A inspiração para a adoção desta filosofia vem de um programa aplicado na Escócia e Inglaterra que possui a cultura “Every patient, every time”, ou seja, procura garantir que o melhor atendimento seja entregue de maneira uniforme, em termos de excelência, para todos os pacientes,independentemente de onde ou em que momento do atendimento estejam, o que se configura em nobre meta, porém também se constitui em um grande desafio. “Nos Estados Unidos, o número de mortes relacionadas a eventos adversos e erros dentro de hospitais, aproxima-se de um avião do tamanho de um Jumbo, por dia. Caso isto estivesse ocorrendo na aviação (um Jumbo caísse todos os dias), questiona-se: Quem voaria? O que estaria sendo feito para evitar que isso ocorresse?”, ressalta Dalla Costa. A primeira forma de minimizar isto é através da padronização da informação, com sua ampla disponibilização, além do envolvimento das lideranças na agenda da qualidade e segurança, de treinamentos constantes e do desenho de sistema efetivos e inteligentes que funcionem como estruturas de apoio à decisão.

Desde a implementação do sistema de protocolos, mais de cem documentos já foram criados, os quais estão organizados em fluxos que possuem formato de algoritmos. O acesso é feito através de palavras-chave que, quando, por exemplo, o profissional está registrando a evolução médica diária no prontuário eletrônico, geram um pop-up que se abre associando essas palavras aos protocolos aos quais estão linkadas. Se, por exemplo, o profissional digita a palavra “torácica”, o sistema automaticamente reconhece todos os protocolos que estão relacionados a esta palavra-chave e oferece a possibilidade de acesso. Estes documentos permitem, muitas vezes, que se possa ‘linkar’ um protocolo ao outro. É possível acessar de dentro do protocolo de dor torácica, por exemplo, os protocolos de síndrome coronariana aguda, tromboembolismo pulmonar, dissecção de aorta, pneumonia, entre outros.

Além disso, os protocolos estão organizados em cores, sendo que cada cor representa uma etapa do processo diagnóstico e/ou terapêutico, o que se torna uma outra forma de padronizar a informação, além de facilitar a visualização. Muitas vezes, dentro do box de cada etapa, existe ainda um símbolo “i” que quando clicado, direciona para uma janela que complementa a informação, apresentando tabelas, textos e diversas explanações, com referências científicas devidamente explicitadas. Muitos dos protocolos são a compilação de várias diretrizes, capítulos e artigos científicos. Exemplo é o protocolo de “Pneumonia Adquirida na Comunidade em Adultos” que, além da experiência de pneumologistas e médicos internistas que escreveram o documento, contou com a análise e incorporação de condutas das últimas diretrizes brasileiras, americanas, inglesas e indianas, todas adaptadas à realidade do Hospital Moinhos de Vento, visando entregar a informação com a melhor qualidade possível.
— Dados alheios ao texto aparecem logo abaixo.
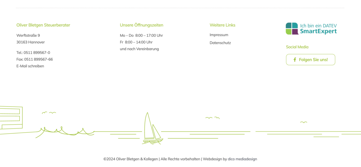Die Website von Bletgen & Kollegen Steuerberater aus Hannover überzeugt gleich auf mehreren Ebenen. Das äußere Erscheinungsbild ist hochmodern gestaltet und sorgt mit frischen Farben, klaren Linien und authentischer Bildsprache für Vertrauen bereits beim ersten Klick. Die Navigation ist intuitiv und nutzerfreundlich, sodass Mandanten und Interessenten jede gesuchte Information mit wenigen Klicks erreichen. Besonders positiv fällt die deutliche Strukturierung der Inhalte auf: Leistungen, Team und Fachnews sind logisch gegliedert und mit starken Call-to-Actions versehen.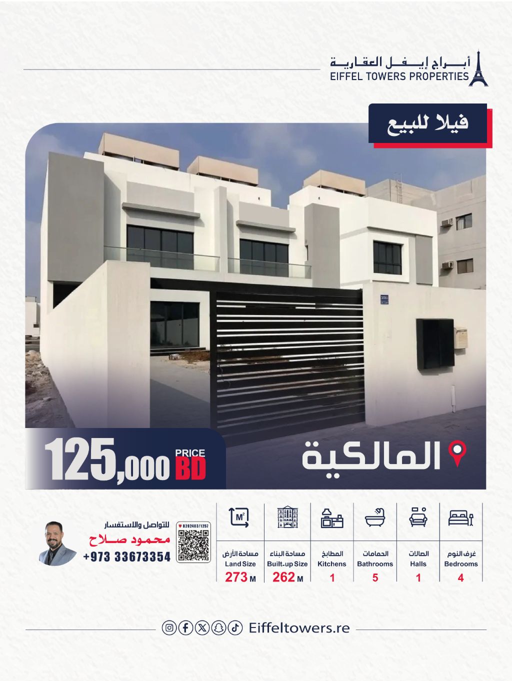Eiffel Towers Real Estate Company offers a villa for sale in Al-Malikiya. The land area is 273 square meters, and the built-up area is 262 square meters. It consists of two floors, with 4 bedrooms, 1 living room, 5 bathrooms, 1 kitchen, and 2 parking spaces. Additional features of the villa include a laundry room, a spacious garden, and a balcony. The price is 125,000 Bahraini dinars. For contact, reach out to Mahmoud Salah.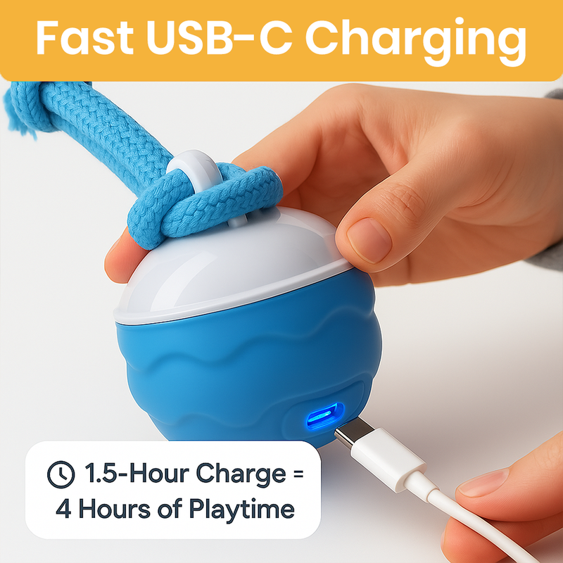 A 1.5-hour charge gives your pup up to 4 hours of nonstop fun. No batteries, no downtime—just plug in and play.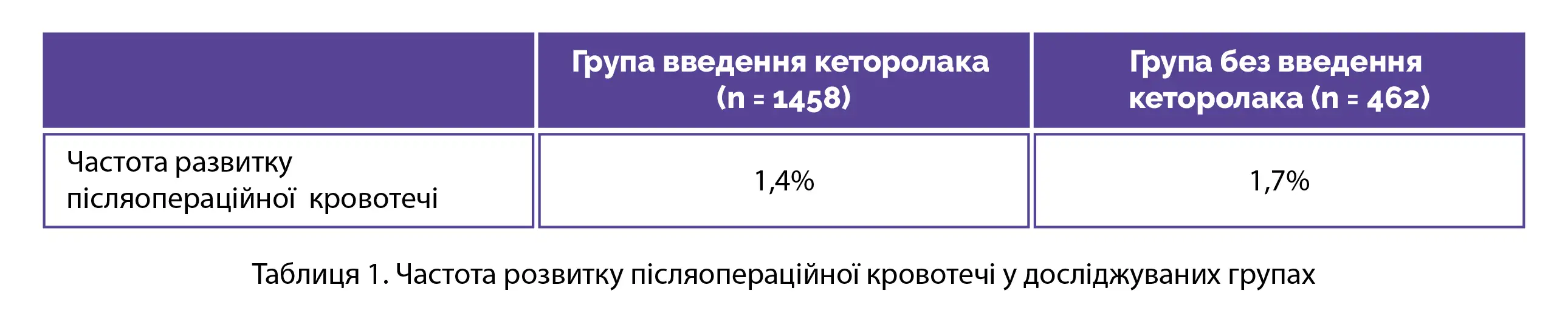 За наявними повідомленнями частота розвитку післяопераційних кровотеч при тонзилектомії становить 1,5%. При цьому статистично значущих відмінностей між групами пацієнтів, які отримували та не отримували кеторолак, щодо частоти розвитку післяопераційної кровотечі при тонзилектомії виявлено не було (див. таблицю 1).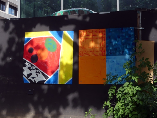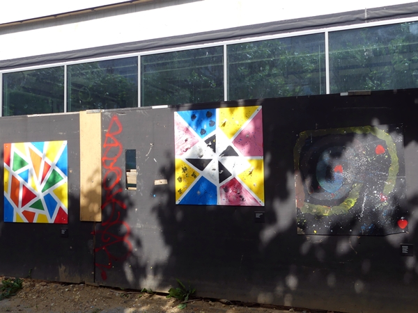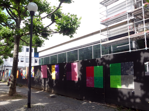 And every now and again these public spaces are used creatively. Like in Wiesbaden. A museum made the bare surfaces into a exhibition called “Abstraktion im Quadrat”. It was a co-operation between artists and various schools.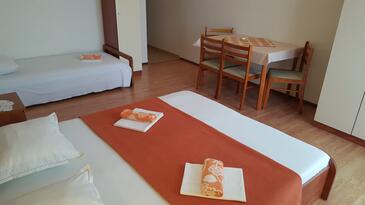 Ferienwohnung bietet Platz für 4 Gäste. Die Betten sind in Schlafzimmern, die es 1 gibt, und in Esszimmer, innerhalb einer Gesamtfläche von 30m2, angeordnet. Die Gäste haben eine eigene Terrasse zur Verfügung, auf der sie in warmen Sommernächten genießen können. Es ist erlaubt, Speisen auf dem Gemeinschafts-Grill vorzubereiten.
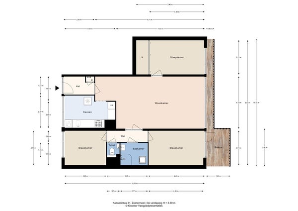 - De galerijflat heeft een woonoppervlakte van 92 m² en beschikt over 4 kamers, waarvan 3 slaapkamers;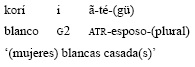 La forma resultante, "ã-té-(gü)" 'casada(s)', es un elemento modificador similar a los que se obtienen con {_kü} y su alomorfo. Con un nombre libre puede entrar en las construcciones típicas de los nombres, ser sujeto, objeto o complemento, como lo hace el elemento obtenido con {_kü} y su alomorfo.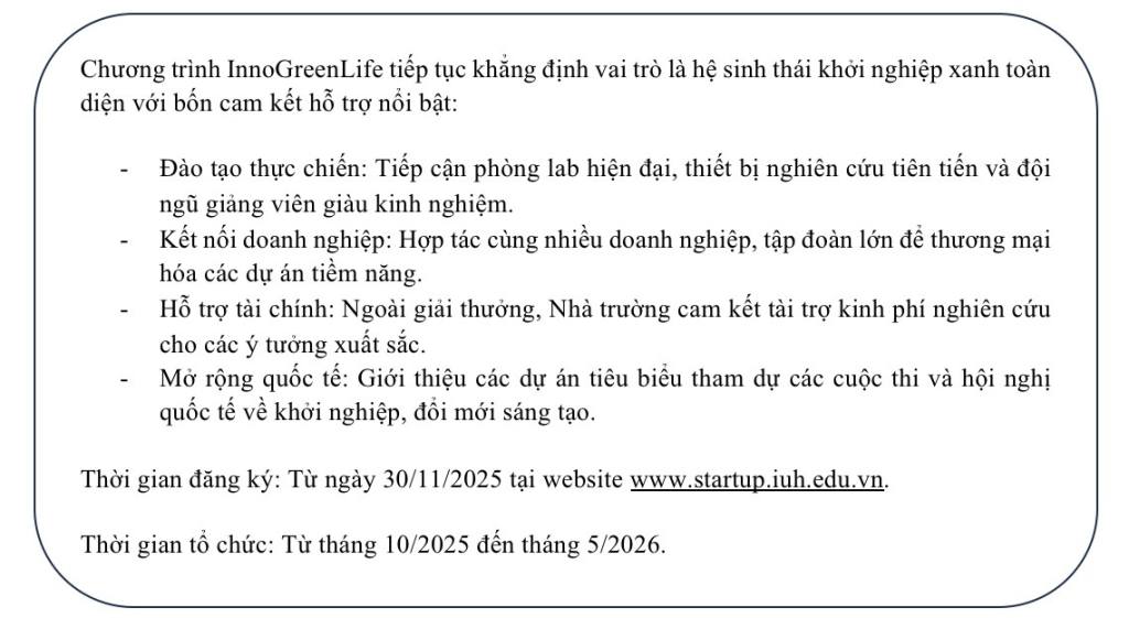 Ngay sau phần chia sẻ của đại diện doanh nghiệp, Ban Tổ chức chính thức phát động InnoGreenLife lần 5 với chủ đề “Vì Cuộc Sống Xanh”, kêu gọi sinh viên toàn trường đóng góp những ý tưởng đổi mới sáng tạo, hướng đến giải quyết các vấn đề môi trường và phát triển bền vững.
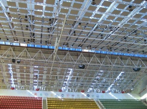 体育馆空间吸声体由骨架、护面层和吸声填料构成。材料的选择应视空间吸声体的大小、刚度和装修要求而定。骨架可采用木材、角钢、薄壁型钢等。护面层可采用塑料窗纱、塑料网、钢丝网和各种板材(如薄钢板、铝板、塑料板等)的穿孔板,其板厚可取0.5~1.0毫米,孔径可取4~8毫米,穿孔率应大于20%。吸声填料通常采用超细玻璃棉外包玻璃纤维布,其填充密度可取25~30千克/米3,厚度应根据声源频谱特性在5~10厘米范围内选定。

Para se chegar a essa quantidade de protocolos, foi preciso uma integração multidisciplinar dentro das áreas para que fossem identificadas as condições de maior impacto assistencial. “Existe um Núcleo de Gestão de Protocolos, composto por integrantes da Superintendência Médica e da Epidemiologia Hospitalar, que se reúne com os chefes dos serviços médicos que, por sua vez, designam pessoas-chave para trabalharem como desenvolvedores”, explica Dalla Costa. Assim que concluídos pelas áreas, os documentos recebem ainda a validação da Comissão de Protocolos do Hospital Moinhos de Vento e, quando disponível, do órgão regional representativo da especialidade.